Forex Analysis
by ForexNewsNow Team on February 4th, 2011

ForexNewsNow Daily Market Outlook for February 4th, 2011

NEW YORK (Forex News Now) – Daily Market Overview – The daily forex news reported the U.S. Dollar firmed against most other major currencies on Thursday. With the exception of the Australian Dollar, the Greenback was resilient against the other majors.

The Australian Dollar rose sharply after the release of the RBA’s Monetary Policy Statement in which the central bank raised its projections for growth in Australia for 2011 from 3.75% made in November, to 4.25% despite massive flooding in Queensland last month.

In European currencies, EUR/USD analysis showed the rate declined sharply on Thursday after the ECB left rates at 1.0% as widely expected, and comments by ECB chief Jean-Claude Trichet that the central bank had no intention of raising rates from their record low levels. Sterling, on the other hand, rose early in the session after news that U.K. PMI beat expectations, only to fall later in the trading day.

The Greenback held steady against the other currencies, rising marginally against the Canadian Dollar and virtually unchanged against the Japanese Yen and the New Zealand Dollar. The Kiwi dropped sharply in late trading on Wednesday due to negative employment data with the New Zealand Unemployment Rate jumping to 6.8% from 6.4%.

The price of gold rose sharply on Thursday due in part to continued tensions in Egypt. The precious metal rose over the $1,350 psychological level to $1,354, while the price of crude oil was mostly unchanged at $90.86 per barrel.

February 3rd Important Forex Developments:

  1. EUR/USD Sharply Lower on ECB Rate Decision and Trichet Comments – After the ECB left the benchmark Minimum Bid Rate at 1.0%, as widely expected, ECB chief Trichet stated that, “Inflation expectations remain firmly anchored, in line with our aim of keeping inflation rates below but close to 2 percent over the medium term.” The statements were taken as dovish by the market, with little chance of an ECB rate hike in the near future, which sent the EUR/USD rate sharply lower.
  2. U.K. Services PMI Pushes Sterling To New Recent High – Cable traded as high as 1.6276, — a level not seen since December of 2009 — on Thursday after news that the U.K. Services PMI came in at 54.5, considerably better than the consensus of a 51.2 print. The number was at its highest level in eight months and gives further evidence that the U.K. economy is on the upswing, making a BOE rate hike more likely later in the year. Nevertheless, GBP/USD then sold off on profit taking and is at the 1.6157 level in early Friday trading.
  3. ISM Non-Manufacturing PMI and Jobless Data Gives the USD Support – ISM Non-Manufacturing PMI came out at 54.5, significantly higher than the 51.2 expected and the best reading since 2005, while Initial Jobless Claims dropped to 415K versus an expected 420K. Both numbers added to the U.S. Dollar’s strength against other currencies.
  4. Aussie Sharply Higher on RBA Monetary Policy Statement – AUD/USD rose sharply after the RBA released its Monetary Policy Statement. The statement noted that the record flooding in December will “have a material effect on the near-term profile of gross domestic product, with growth in the December and March quarters notably lower,” Nevertheless, the central bank continued that “a strong recovery in the June quarter as coal production picks up and the rebuilding effort gets under way.”
  5. Disappointing Eurozone Retail Sales – EUR/USD analysis shows the rate was negatively affected by a dismal Retail Sales report, which had EZ Retail Sales dropping -0.6%, significantly worse than the consensus of a +0.4% increase the market was anticipating.
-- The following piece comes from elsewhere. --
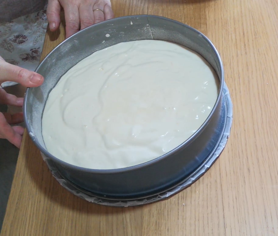 For a 10-inch ………. (200g sugar, 130g flour, 65g potato starch, 4 eggs).

February 4th Forex Events for Traders to Watch

  1. U.S. Non-Farm Payrolls – One of the most influential numbers for the forex market, the U.S. Non-Farm Employment Change inevitably adds volatility to the entire forex market. This month’s number is expected to show the U.S. economy added 137K jobs. A favorable number will most likely fuel a rally in the U.S. Dollar.
  2. U.S. Unemployment Rate – Along with the Non-Farm Payrolls number, the U.S. Unemployment Rate also impacts the forex market; however not to the same degree. The U.S. Unemployment Rate is expected to rise to 9.5% from 9.4%.
  3. EU Economic Summit – Officials and heads of state will be meeting in Brussels to discuss the Euro, sovereign debt and other economic issues.
  4. Canadian Employment Numbers – Canadian Unemployment is expected to stay steady at 7.6%, while the Canadian Employment Change is expected to be +18.9K.
  5. The Price of Gold – The price of gold has just gone over the psychological $1,350 level. If continued unrest in Egypt persists, gold and oil will undoubtedly rally igniting inflation and prompting action from the world’s central banks.